Tag Archive for: kittens

Snuggle-fest 2011

It’s getting colder and with each new passing day, the gray afternoons bleed into the dark night.
The alarm is waking me up too early-and I fight against it. After all, it’s still dark outside. The frigid wind squelches my desire to run outside-so-the treadmill gets some action once more.

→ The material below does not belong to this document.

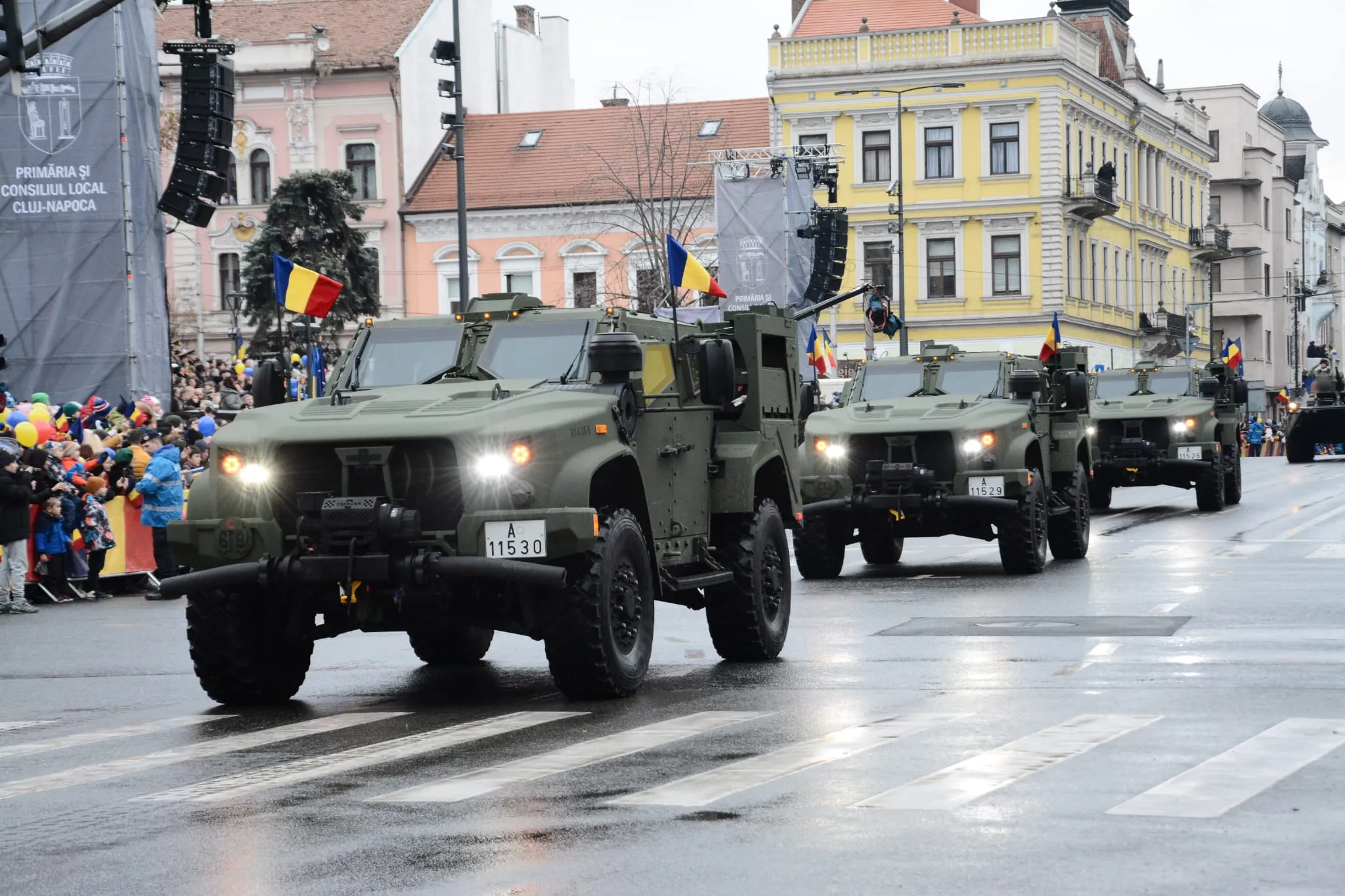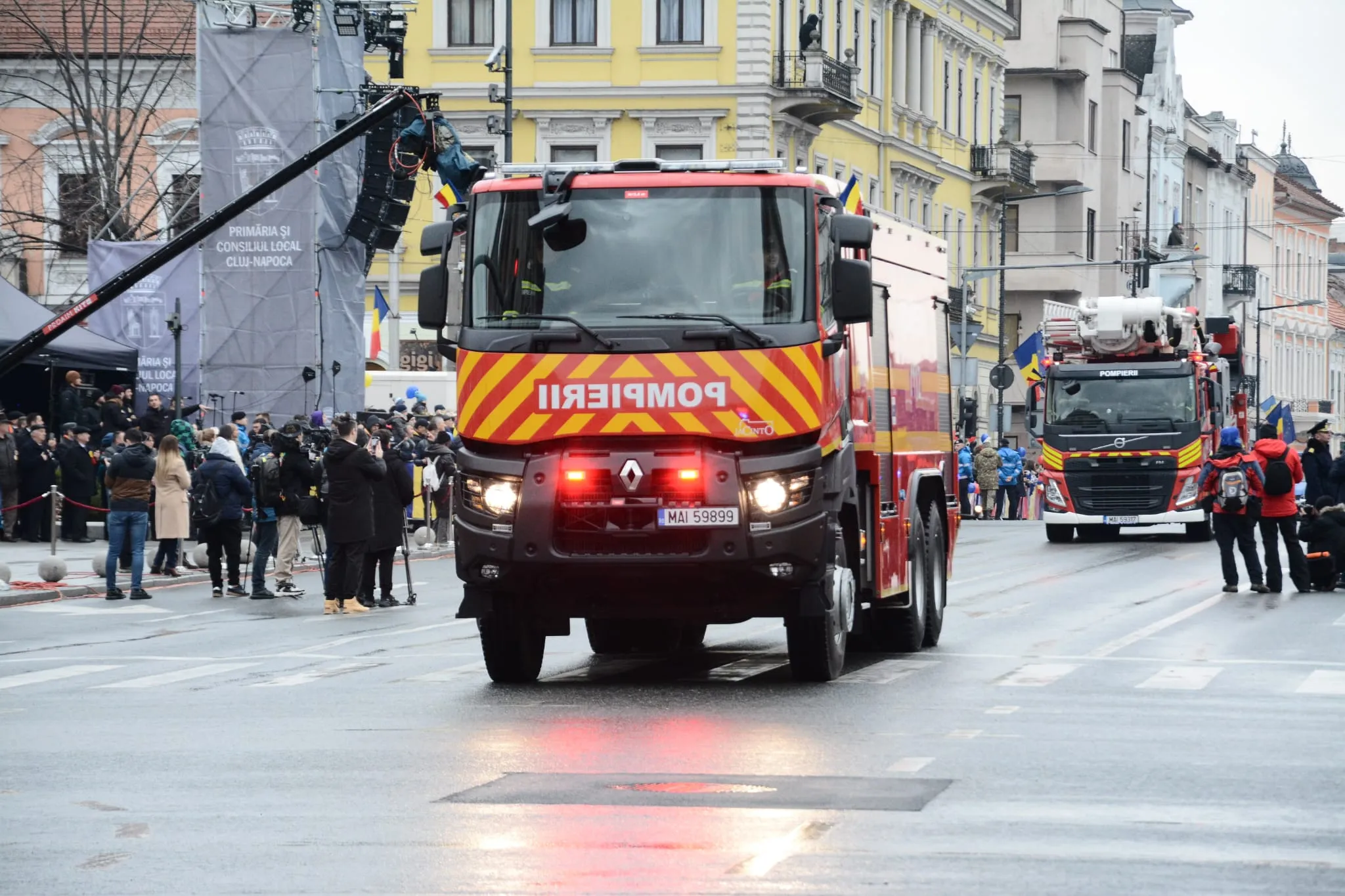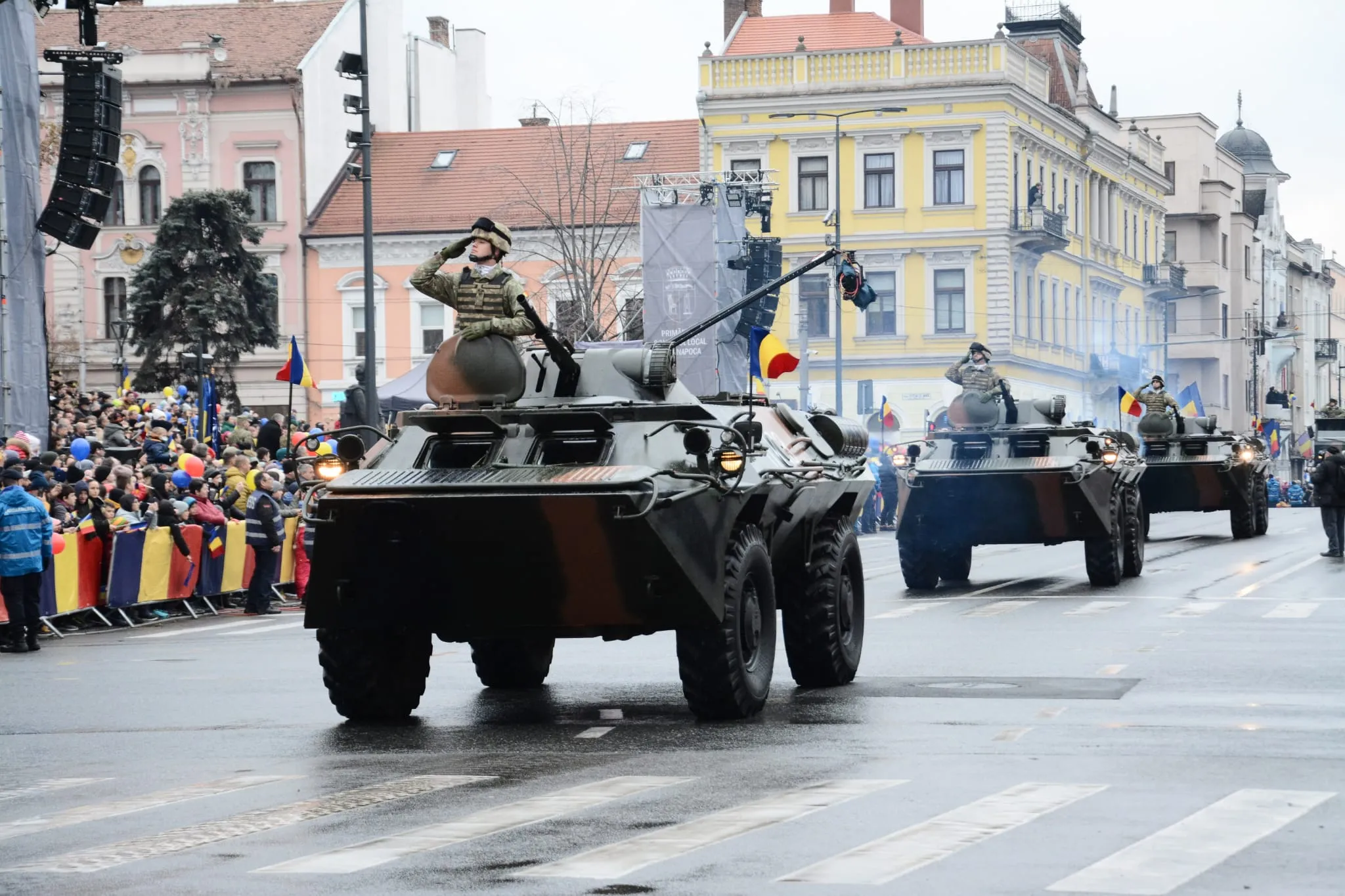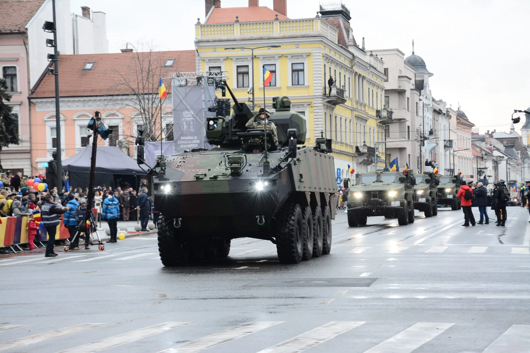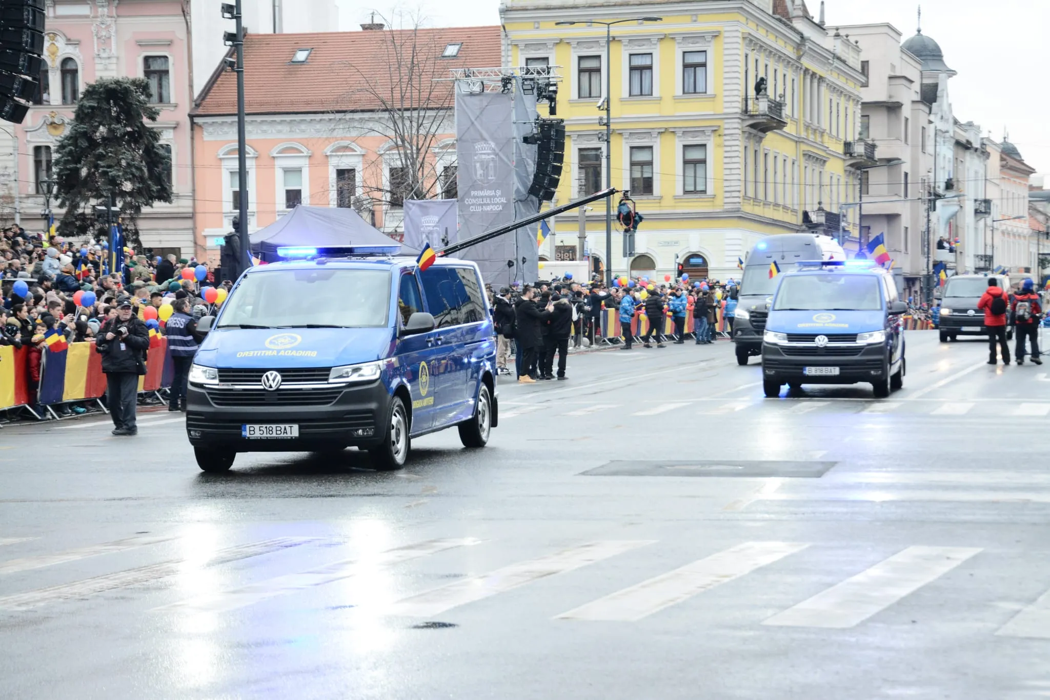 Sute de clujeni au asistat la parada de 1 Decembrie, din Piața Avram Iancu. Au fost foarte mulți copii care s-au înghesuit în primele rânduri pentru a saluta soldații, jandarmii, polițiștii și pompierii, care au defilat.

Yoga pants are my outfit of choice, unless I’m forced to leave the house on some important errand which would require a jean ensemble. Then and only then, does make-up ever touch my face.

 

As I’m walking out of the door to retrieve much needed groceries with a Starbucks coffee mug in hand-of course, filled to the brim with Starbuck’s coffee-this is what I almost cannot bear to leave behind.

 

They make me second guess if we really couldn’t survive one more day on kidney beans and cream of wheat. I could turn around right now, throw the yoga pants back on and tell myself it was a valiant effort.

 

After all, these kittens are in their formative months. They need me. I shouldn’t abandon them while they are so young-even if it’s only for a few hours.

 

They need a lap to sit on, someone to pet them, to whisper to them how cute they are, to snuggle up to them…

 

…to share the warm covers with.
Stay strong, Rebekah. Your family needs groceries. Cream of wheat should not be eaten three times a day. And the beans, well, Biceps could use a break from the beans.
List in hand, keys in the door, I force myself to leave them behind. It’s hard to do.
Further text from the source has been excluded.